Are We Being Mindless About Mindfulness?

Mindfulness hype has out-paced mindfulness science.

One concept that is getting much play recently is ‘meta-cognition,’ which refers to our ability to reflect on our own mind processes. This extraordinary ability, emerging gradually beginning in early childhood, enables the dual core processes that define humanity: nuanced self-awareness and complex social commerce. It is also the foundation of our capacity to learn (which is important since we depend heavily on learning for survival). To wit: If you fail to solve a problem, figuring out the faults in your problem-solving strategy is helpful, since adjusting the strategy improves your odds of future success. Likewise, realizing that you have misjudged a certain social interaction because you are, say, stressed may help you re-calibrate your response, resulting in a better relational outcome. This ability to observe, understand, and tweak (as needed) our internal architecture to both self and social ends is the essence of meta-cognition.
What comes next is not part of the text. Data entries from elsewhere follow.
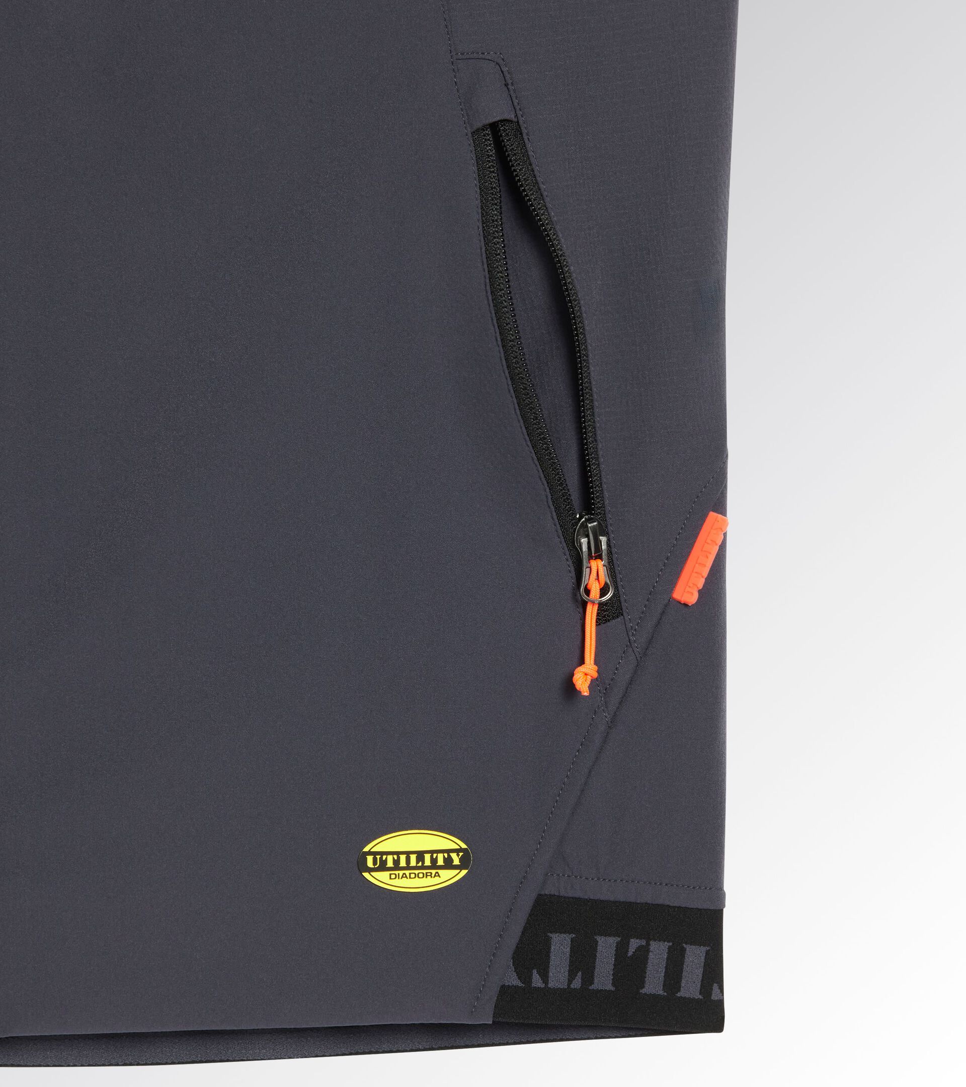 Gilet in tessuto elasticizzato con trattamento idrorepellente. Collo in piedi con inserto salvabarba. Elastico sul fondo posteriore con personalizzazione Utility per miglior vestibilità. Inserti in Ripstop stretch per una maggiore resistenza. Due tasche laterali e una tasca frontale con zip e stampa termonastrata personalizzata Utility. Apertura sul carrè posteriore per una traspirabilità ottimale. Dettagli fluo.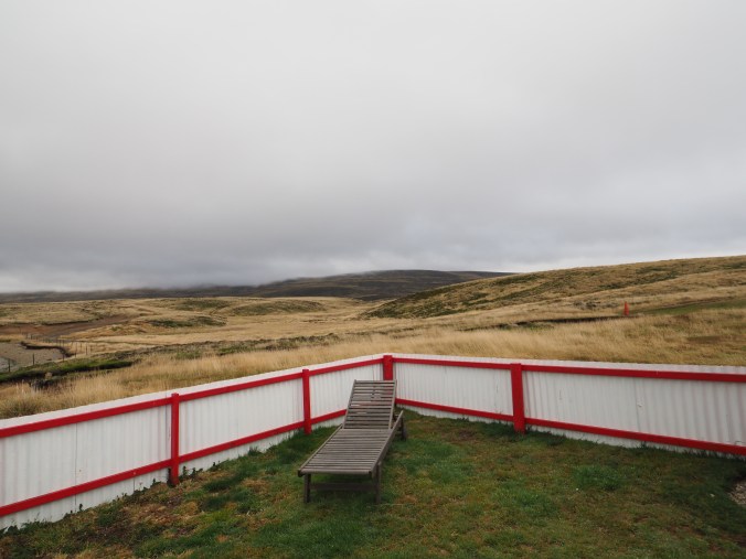 About half an hour from leaving MPC, just before arriving at Darwin, you turn right onto the North Camp road, which loops all the way around the top of East Falkland before coming right round back to Stanley.  This is a one and a bit vehicle wide road, which is predominantly clay, definitely slidey in the wet.  My instructions for finding the Beach Hut were – drive towards San Carlos and there’s a sign on the left .  I knew this was true because mid-summer I’d driven some friends round the North Camp road and seen it.  So I felt I knew how long it would take me to get there.  Of course, the reality of driving at dusk in poor visibility, when you’re not entirely sure where you’re going makes it a different experience.  I went across the cattle grids, with a sign occasionally telling me which farm I was passing through – Goose Green, Port Sussex, Head of the Bay.  I had gone past a few signs and wondered if I had missed mine.  The road went up and into the cloud, which was very low and wet. I really felt I had gone too far, the road wound down and I could see green grass around a bay and I then I saw the sign to the Beach Hut and all was well.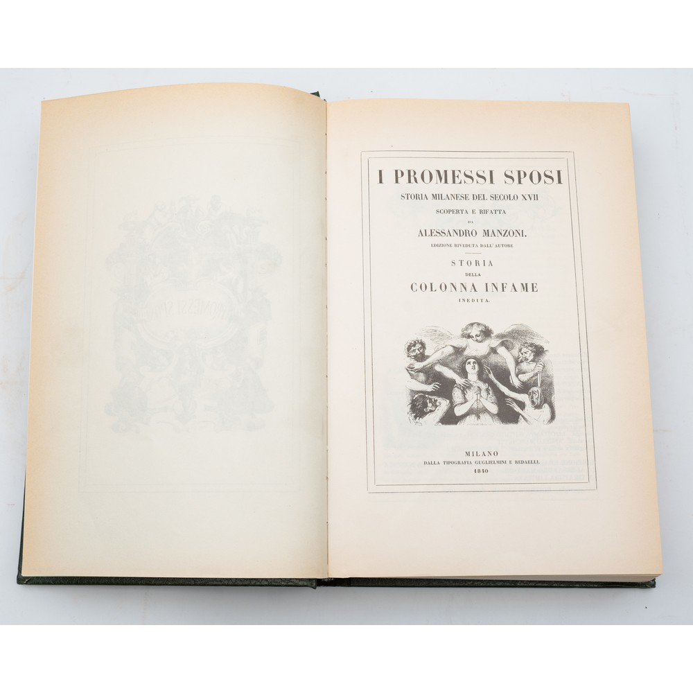 I PROMESSI SPOSI: STORIA MILANESE DEL SECOLO XVII SCOPERTA E RIFATTA DA ALESSANDRO MANZONI. STORIA DELLA COLONNA INFAME INEDITA, riproduzione facsimile dell'edizione Milano, dalla tipografia Guglielmini e Redaelli, 1840. In 4°. Edizione realizzata nel 1985 per il bicentenario della nascita di Alessandro Manzoni in tiratura limitata dalla casa editrice Velar. Tela con fregi in oro. Pp. 864.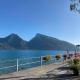 Das Apartment See und Berge Garden mit Terrasse und Bergblick bietet 2 Schlafzimmer, ein Wohnzimmer, einen Flachbild-TV, eine gut ausgestattete Küche mit Kühlschrank und Geschirrspüler sowie 1 Badezimmer mit Dusche. In dieser Ferienwohnung werden Handtücher und Bettwäsche zur Verfügung gestellt.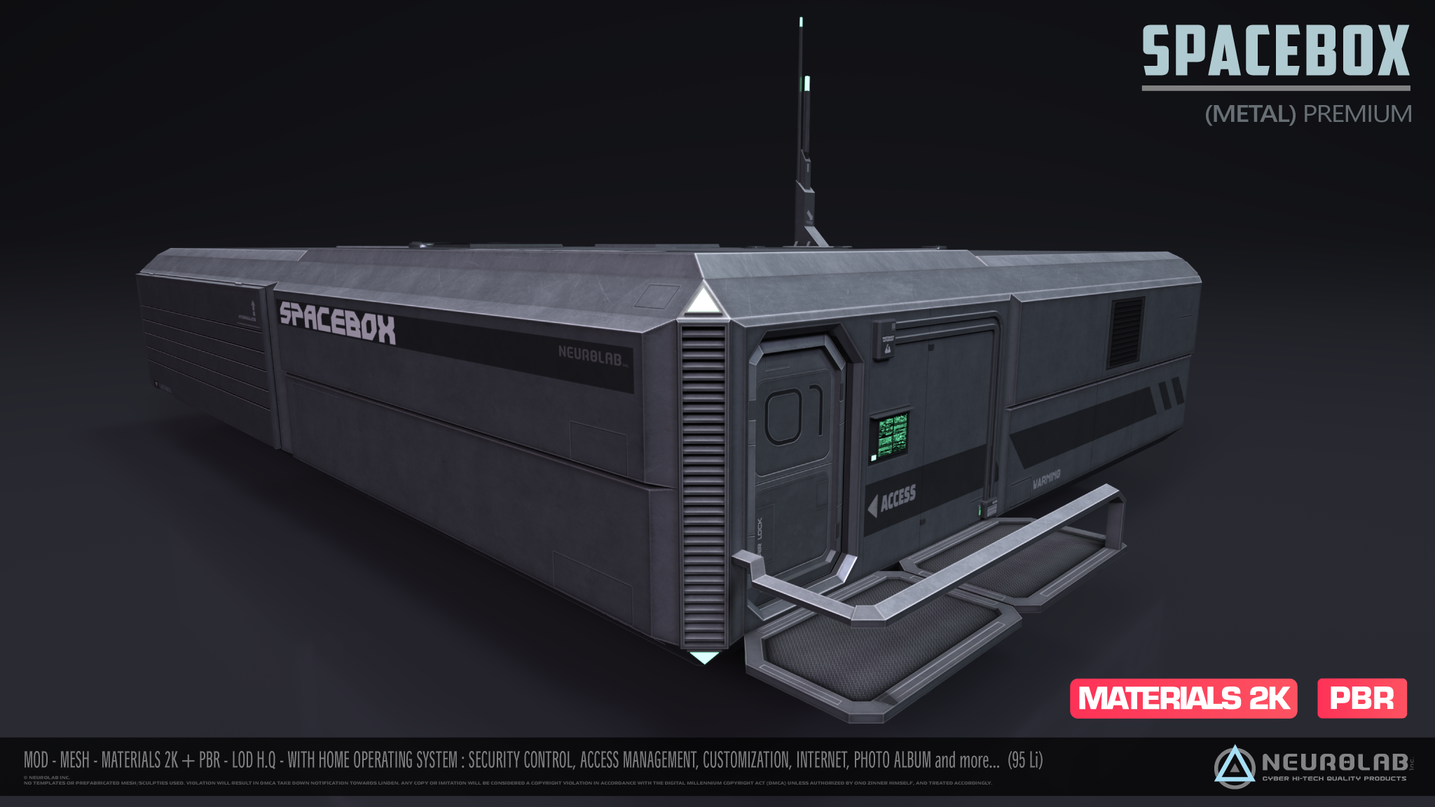 Experience the highest quality with our 100% mesh and materials 2K + PBR Version, ensuring a luxurious and ultra-realistic appearance. The SPACEBOX is designed to impress, providing a visually stunning and immersive living environment.
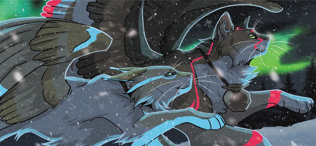 Deep in the north, a small village of cats live out their days in a clifftop village. They fish, create goods from leather and other materials, but most importantly – every night they paint the northern lights in the sky.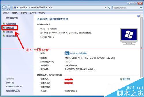 2、在左侧列表中单击“远程设置”进入远程设置。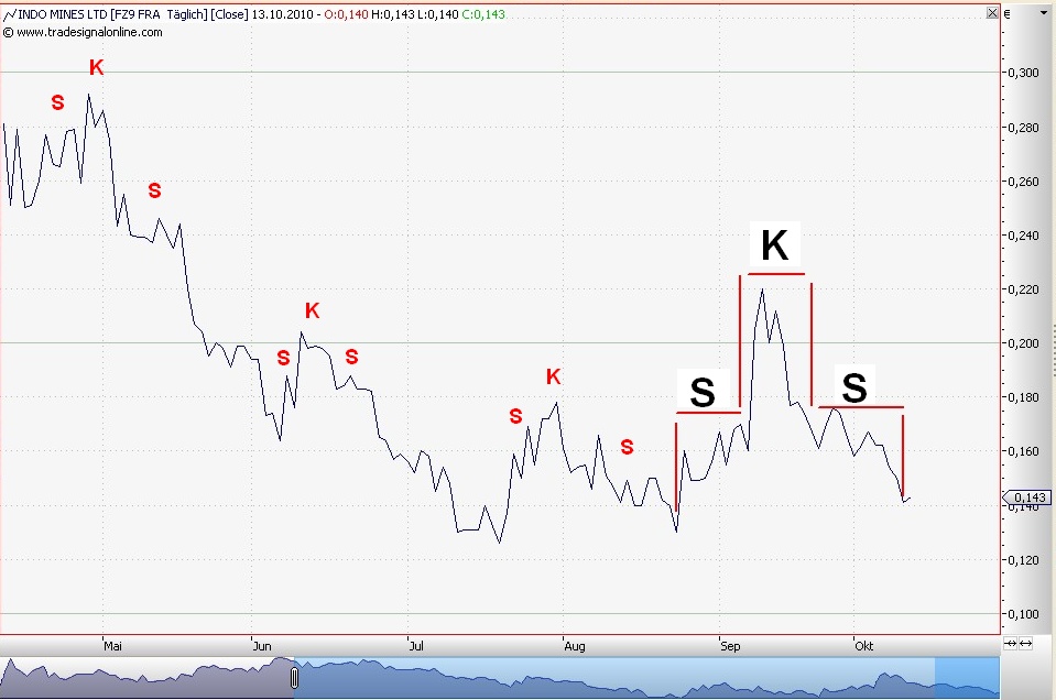 In der Wochenansicht ist eine Formation wie hier, über beinahe 2Monate, schwer zu erkennen. Grundsätzlich gilt die SKS in allen Zeitansichten, in der Wochenansicht oder auch im Daytrading gilt die sie genauso wie im Jahreschart oder 10 Jahreschart. Am leichtesten läßt sich die SKS im Linienchart erkennen, deshalb wurde der auch benutzt.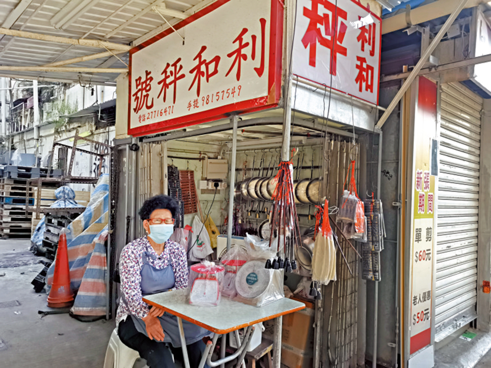 「利和秤號」位於今年宣布活化的油麻地果欄旁橫街,是一間已有90年歷史的木桿秤店。而今,油麻地舊區即將展開重建,果欄擬活化,何太為秤店選擇了文明里休憩花園旁的新址,「我提前在這邊坐一坐,讓街坊習慣一下。」

Scholarly interest in meta-cognition has grown rapidly since the concept was first fleshed out in the late 1970s by Stanford University researcher John Flavell. Today, it is a coin of the realm for educators, teachers, and memory and cognitive researchers alike. A specific meta-cognitive practice that has been gaining much currency of late in mental health circles is the exercise of mindfulness, which requires one to observe one’s internal landscape and processes with dispassionate curiosity, as would a scientist.

 CC0 Public Domain
Source: CC0 Public Domain

Mindfulness of this sort is not identical to ‘savoring our experience,’ a staple (and useful in its own right) recommendation from the field of positive psychology. Savoring calls for us to direct our attention to the pleasing aspects of an experience in order to appreciate and absorb them fully. Mindfulness, on the other hand, involves paying close attention to everything, pleasant or unpleasant.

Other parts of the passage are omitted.